Front Bioeng Biotechnol ; 11: 1283898, 2023.
Artigo em Inglês | MEDLINE | ID: mdl-38162186

RESUMO

Biogenic Zinc oxide (ZnO) nanoparticles (NPs) were synthesized from Celosia argentea (C. argentea) plant extract. Structural analysis confirms the successful synthesis of biogenic zinc oxide NPs from C. argentea extract. The biogenic ZnO NPs have an average particle size of 21.55 ± 4.73 nm, a semispherical shape, and a specific surface area of about 50 m2/g. The biogenic ZnO NPs have a powerful radical scavenging activity (Ic50 = 91.24 mg/ml) comparable to ascorbic acid (ASC) as a standard (Ic50 = 14.37 mg/ml). The antibacterial efficacy was tested against gram-positive and gram-negative bacteria using an agar disc diffusion method. Gram-positive strains with biogenic ZnO NPs have a greater bactericidal impact than gram-negative strains in a concentration-dependent manner. Anticancer activity against Liver hepatocellular cells (HepG2) and Human umbilical vein endothelial cells (HUVEC) was evaluated using a [3-(4,5-dimethylthiazol-2-yl)-2,5diphenyl tetrazolium bromide] (MTT) assay. The results reflect the concentration-dependent cytotoxic effect of biogenic ZnO NPs against HepG2 cells even at low concentrations (Ic50 = 49.45 µg/ml) compared with doxorubicin (Ic50 = 14.67 µg/ml) and C. argentea extract (Ic50 = 112.24 µg/ml).

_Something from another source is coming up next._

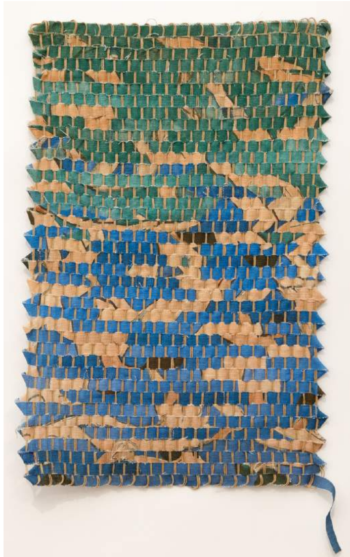
Untitled (Matisse), 2022 tapestry (archival pigment print, sisal, linen) 17 ½ x 11 ½ inches $ 3,800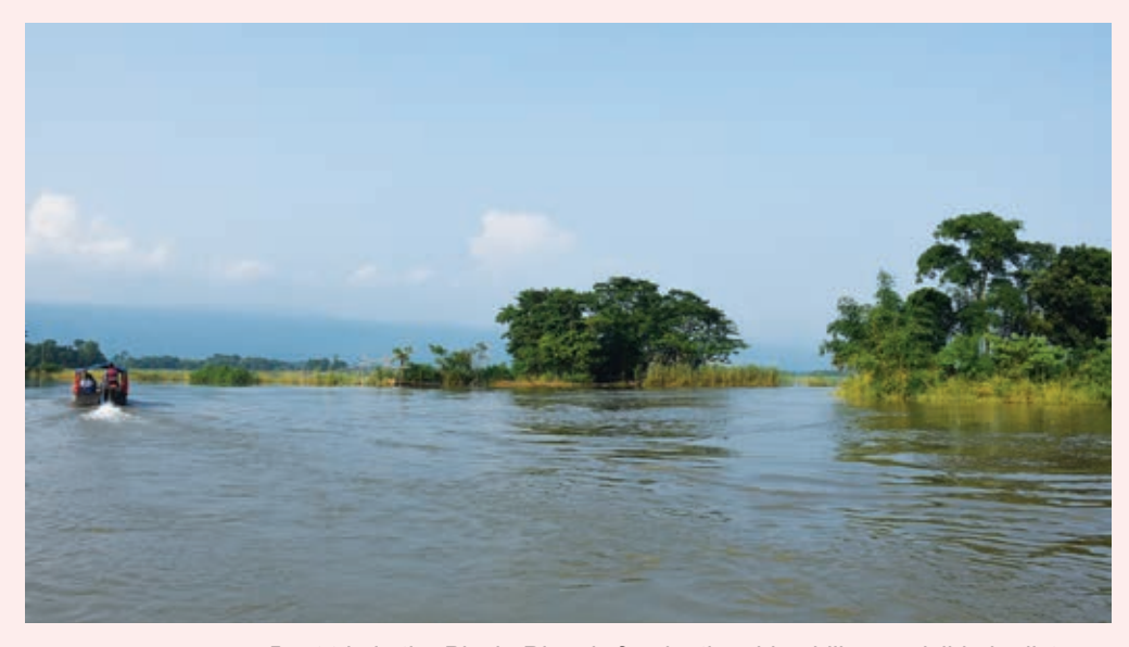
Boat trip in the Piyain River is fascinating, blue hills are visible in distance

and Piyain rivers. The Surma is a tributary of the Borak River which rises in Lusai hill of India. In the rainy season the Surma becomes flood-prone but in the dry season boat journey in the river is very comfortable. The Piyain flows close to the foot hills adjacent to Jaflong of Sylhet. It is known as the Sari River too. As the Piyain is a hilly river, the hilly stream of water comes down and flash flood occurs there. With the flood water, it carries a huge amount of stones and sand from upstream. River cruise in these rivers is delightful.

The cell cycle and gene expression were analyzed to determine the potential anticancer mechanism. The flow cytometric analysis of the cell cycle revealed that biogenic ZnO NPs induce oxidative stress that activates the apoptotic genes NF-κB, CY-C, and P53, leading to cell death. The Celosia argentea improved the antioxidant, antibacterial, and anticancer activities of ZnO NPs without altering their structural properties. The effect of green synthesis on the bioactivity of biogenic ZnO NPs in vivo is recommended for future work.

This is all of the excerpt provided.